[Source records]
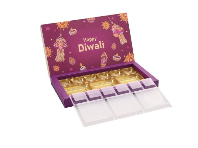 The outer paper boxes from the new 2024 Diwali Box series together with matching inner trays and lids.
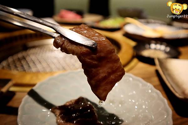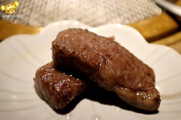 泥抗抗抗~這個和牛的油脂還在滴,跳虎的口水也跟著滴,還好從上烤網到入口只需要三分鐘,這點程度的忍耐還做得到XD
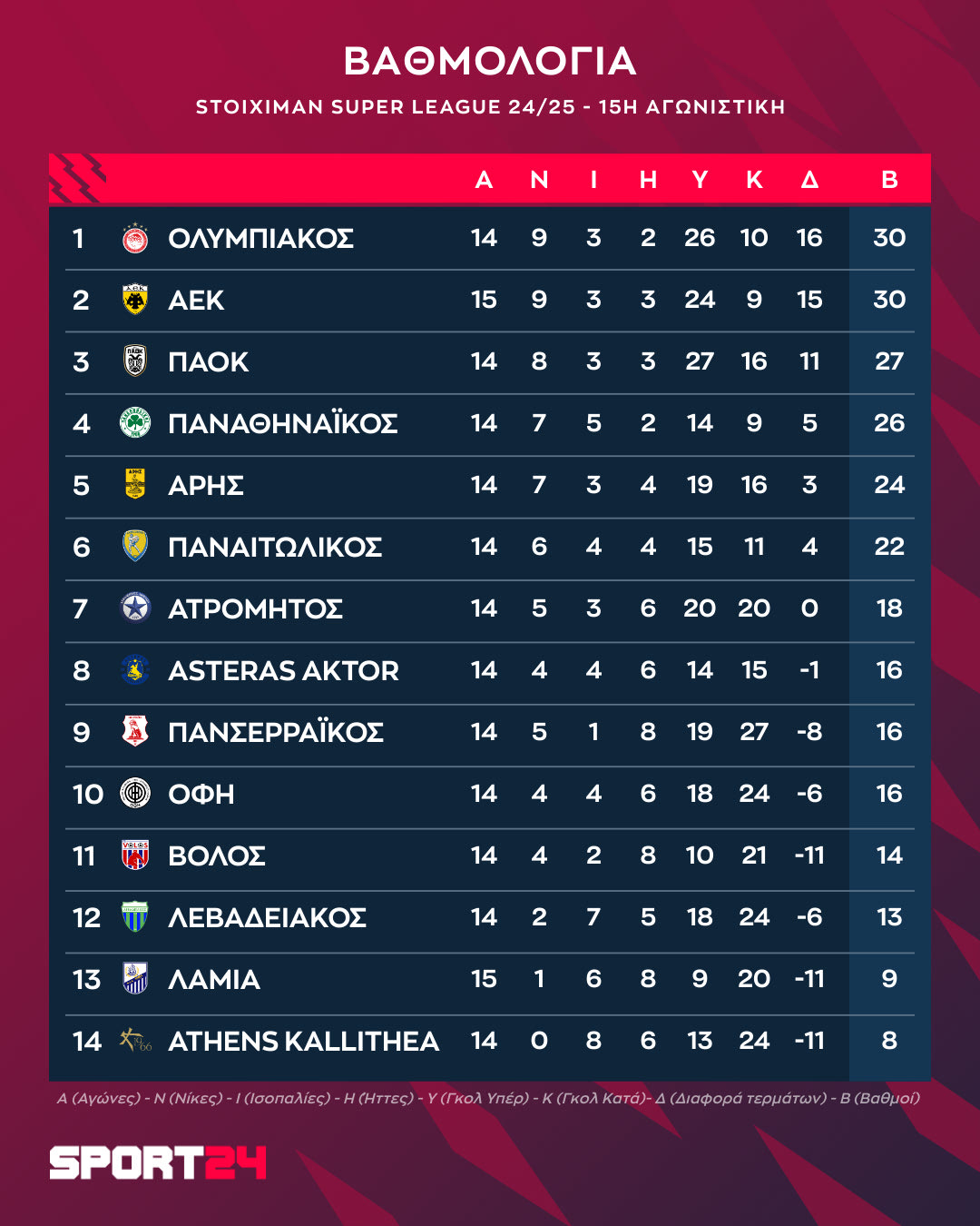 Δείτε πώς έχει διαμορφωθεί η βαθμολογία της Stoiximan Super League μετά το διπλό της ΑΕΚ κόντρα στη Λαμία για τη 15η αγωνιστική.
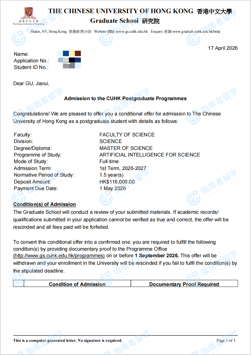 香港中文大学人工智能科学理学硕士研究生offer一枚
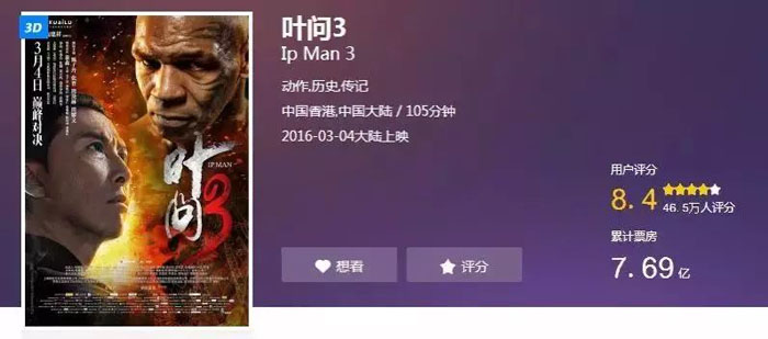 三部作品总票房超过10亿人民币,其中的《叶问3》就拿下了7.69亿票房佳绩。
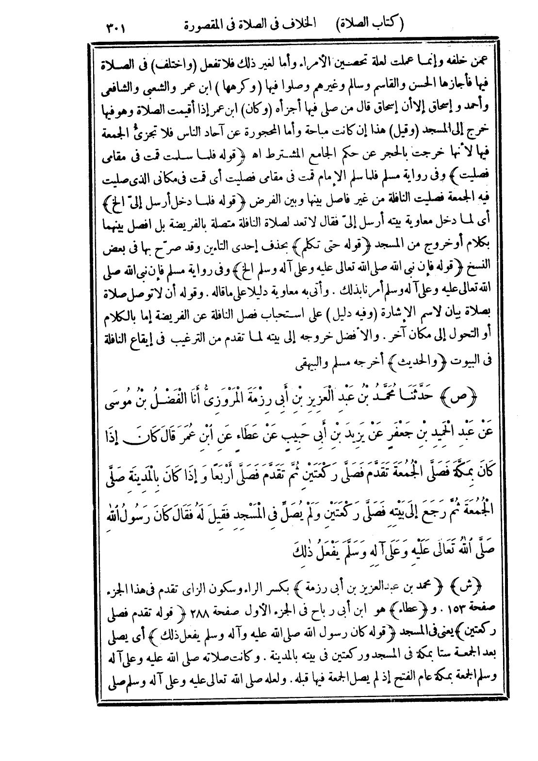 (ص) حَدَّثَنَا مُحَمَّدُ بْنُ عَبْدِ الْعَزِيزِ بْنِ أَبِي رِزْمَةَ الْمَرْوَزِيُّ أَنَا الْفَضْلُ بْنُ مُوسَى عَنْ عَبْدِ الْحَمِيدِ بْنِ جَعْفَرٍ عَنْ يَزِيدَ بْنِ أَبِي حَبِيبٍ عَنْ عَطَاءٍ عَنِ ابْنِ عُمَرَ قَالَ كَانَ إِذَا كَانَ بِمَكَّةَ فَصَلَّى الْجُمُعَةَ تَقَدَّمَ فَصَلَّى رَكْعَتَيْنِ ثُمَّ تَقَدَّمَ فَصَلَّى أَرْبَعًا وَإِذَا كَانَ بِالْمَدِينَةِ صَلَّى الْجُمُعَةَ ثُمَّ رَجَعَ إِلَى بَيْتِهِ فَصَلَّى رَكْعَتَيْنِ وَلَمْ يُصَلِّ فِى الْمَسْجِدِ فَقِيلَ لَهُ فَقَالَ كَانَ رَسُولُ اللَّهِ -صَلَّى الله تَعَالَى عَلَيْهِ وَعَلَى آلِهِ وَسَلَّمَ- يَفْعَلُ ذَلِكَ.
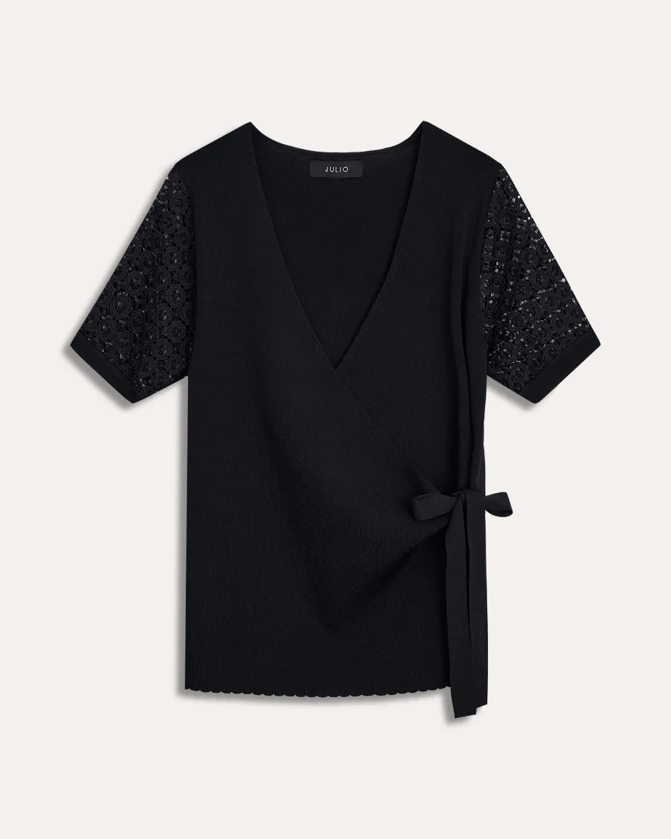 Blusa Negra De Punto Envolvente Manga Bordada
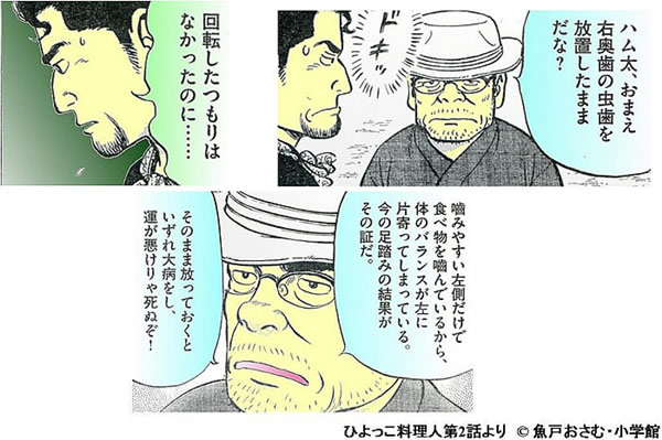 右側のむし歯を放置しているために顎位が変わったのだ。歯は、体のバランス感覚と密接に関係し姿勢や歩行に影響することがわかる。歯科関係者にとって影響力の大きい雑誌に、歯の重要性について描いていただくことは大歓迎である。

## Task description
In the reply, each line of the data must appear exactly as written, and no picture may appear.

## Solution below
 The outer paper boxes from the new 2024 Diwali Box series together with matching inner trays and lids.
 泥抗抗抗~這個和牛的油脂還在滴,跳虎的口水也跟著滴,還好從上烤網到入口只需要三分鐘,這點程度的忍耐還做得到XD
 Δείτε πώς έχει διαμορφωθεί η βαθμολογία της Stoiximan Super League μετά το διπλό της ΑΕΚ κόντρα στη Λαμία για τη 15η αγωνιστική.
 香港中文大学人工智能科学理学硕士研究生offer一枚
 三部作品总票房超过10亿人民币,其中的《叶问3》就拿下了7.69亿票房佳绩。
 (ص) حَدَّثَنَا مُحَمَّدُ بْنُ عَبْدِ الْعَزِيزِ بْنِ أَبِي رِزْمَةَ الْمَرْوَزِيُّ أَنَا الْفَضْلُ بْنُ مُوسَى عَنْ عَبْدِ الْحَمِيدِ بْنِ جَعْفَرٍ عَنْ يَزِيدَ بْنِ أَبِي حَبِيبٍ عَنْ عَطَاءٍ عَنِ ابْنِ عُمَرَ قَالَ كَانَ إِذَا كَانَ بِمَكَّةَ فَصَلَّى الْجُمُعَةَ تَقَدَّمَ فَصَلَّى رَكْعَتَيْنِ ثُمَّ تَقَدَّمَ فَصَلَّى أَرْبَعًا وَإِذَا كَانَ بِالْمَدِينَةِ صَلَّى الْجُمُعَةَ ثُمَّ رَجَعَ إِلَى بَيْتِهِ فَصَلَّى رَكْعَتَيْنِ وَلَمْ يُصَلِّ فِى الْمَسْجِدِ فَقِيلَ لَهُ فَقَالَ كَانَ رَسُولُ اللَّهِ -صَلَّى الله تَعَالَى عَلَيْهِ وَعَلَى آلِهِ وَسَلَّمَ- يَفْعَلُ ذَلِكَ.
 Blusa Negra De Punto Envolvente Manga Bordada
 右側のむし歯を放置しているために顎位が変わったのだ。歯は、体のバランス感覚と密接に関係し姿勢や歩行に影響することがわかる。歯科関係者にとって影響力の大きい雑誌に、歯の重要性について描いていただくことは大歓迎である。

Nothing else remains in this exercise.